2012년에서 2020년 까지 센터니얼 칼리지 Software Eng. Technician 졸업한 열공생이자 한국에서는 9년의 IT 경력 소유자로 금융권 (재무, 금융 프로젝트 및 빅데이터 관련 ) 에 다수 근무했습니다.

1999년 필리핀 (Dasmarinas) 지역에서 P.T.S. 네트워크 엔지니어링 자원 봉사자로 1년 근무하면서 글로벌 IT 세계와 네트워크 지식을 쌓으며 이후 2000년 한국으로 돌아와 K.M.C.에서 Clarion 4GL 언어로 Warehouse Inventory Control and Management 그리고 PIS Operational Test PCS C/C++ 개발했었습니다.

2001년 LG-SOFT SCHOOL 자바 전문가 과정 이수 후 CNMTechnologies 에서 e-CRM/e-SFA R&D 연구 및 개발 2년 정도 (한국산업은행/대정정부청사/영진제약) 다양한 프로젝트를 섭렵하였습니다.

2004년부터 2012년 캐나다로 올 때까지 SKT/SK C&C (IMOS), SC제일은행(TBC), 프로덴션 생명(PFMS), 교보생명 AXA Kyobo Life Insurance Account Management, Kook-min Bank 국민은행 Financial Management Reconstruction NGM외 다수 프로젝트에 참여 개발 및 리드하였습니다.

 

2012년 연말에 캐나다에 거주하면서 세 아이의 아빠이자 Scrum Master로서 에자일 개발 방식을 채택하여 핸디맨 어플/이커머스 어플/프로덱트 개발/레시피 어플 개발한 미주 캐나다 지역의 실경험자입니다.

Curriculum

All

85 lectures ∙ (6hr 39min)

Course Materials:

Lecture resources
Published: 
Last updated: 

Reviews

All

36 reviews

4.6

36 reviews

  • hadoop3bigdata님의 프로필 이미지
    hadoop3bigdata

    Reviews 3

    Average Rating 5.0

    5

    93% enrolled

    この講義は、ビッグデータを扱うHadoopの専門家として養成したい心で講義を制作しました。クラウデラなどの包括的なオンプロメス配布ソフトウェアアプリケーション(OPD)を使用するのではなく、Hadoopを最初からインストールし、データセットを抽出、移動、およびロードすることに進みます。 1.xバージョンから始まったHadoopは、3.3バージョンまで多くの機能が追加されて非常に海賊なプラットフォームになりましたが、多くのツールを扱い、ビッグデータ専門家として養成される心溢れる講義になることを願っています。

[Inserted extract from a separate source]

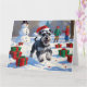 A spirited Schnauzer runs happily through the snowy winter scene, wearing a festive red Christmas hat. This lively design highlights the breed’s distinctive beard, wiry coat, and loyal personality while capturing the warmth and joy of the holiday season. A cheerful winter moment full of festive charm.
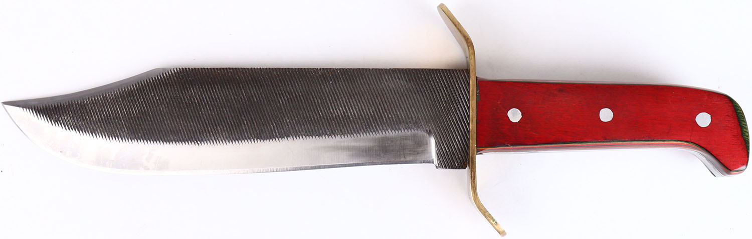 Large Unmarked knife, 9 1/2'' blade, full hilt, wood handle, bright and clean. Grade: Excellent - Value: 40 to 200

    • kentucky8612311057님의 프로필 이미지
      kentucky8612311057

      Reviews 4

      Average Rating 5.0

      5

      100% enrolled

      利点: Hadoop MapReduceの基礎を学ぶことができます。 韓国語で唯一のHadoop講義のようです 残念なこと: マッパーを2つ使用して1つの共通キーに抽出する キーを2つ書く場合、 コンパレータを直接設定する方法 など気になった内容がなくて残念だった。 欠点: 講師様韓国語の発音が明確ではないが、背景音楽が大きくて何度何を言うのか再び聞かなければならなかった。 --------------------------------------- 先生の回答を見て別点5に修正します。

      • hadoop3bigdata
        Instructor

        親切に詳しい評価ありがとうございます。更新した講義もあるので静かな時間に聞きながらハドゥプ専門家に残すことを楽しみにしています。

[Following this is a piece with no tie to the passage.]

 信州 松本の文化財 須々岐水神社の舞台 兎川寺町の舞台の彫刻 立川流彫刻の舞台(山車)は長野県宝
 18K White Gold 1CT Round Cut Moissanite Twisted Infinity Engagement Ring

    • seaking79727님의 프로필 이미지
      seaking79727

      Reviews 38

      Average Rating 4.7

      5

      59% enrolled

      Hadoopの入門者にはいいですね。本を見る前にまず学習するのにちょうどいいようです。

      • hadoop3bigdata
        Instructor

        はい、良い評価ありがとうございます。 YARNアプリケーションを実行することを強調しました。ありがとうございます。楽しみにしています。

    • dlgnsxo1239897님의 프로필 이미지
      dlgnsxo1239897

      Reviews 56

      Average Rating 5.0

      5

      100% enrolled

      Hadoop川の本当によかったです! スパーク講義も開いてほしいです。 ありがとうございます!

      • hadoop3bigdata
        Instructor

        この講義を通して、Hadoopをもっと親しみ、きっかけになることを楽しみにしています。

    • jason님의 프로필 이미지
      jason

      Reviews 28

      Average Rating 5.0

      5

      31% enrolled

      講師様 こんな質の良い講義をお手頃な価格で視聴できるように提供していただきありがとうございます! データエンジニアが新しくなりました HadoopやSparkなどのビッグデータフレワークをどのように始めなければならないのか悩み、厚い本を考慮していたときに過去に購入しておいたこの講義を見直すようになりました。 Javaをやったことがないので理解するのに少し時間がかかりますが、よく修了します! 今年末や、来年初めにスパーク川の予定だと言うのにとても楽しみにしています! pysparkベースでこの講義のように簡単に説明できることを願っています!

      $42.90

      hadoop3bigdata's other courses

      Check out other courses by the instructor!

      Similar courses

      Explore other courses in the same field!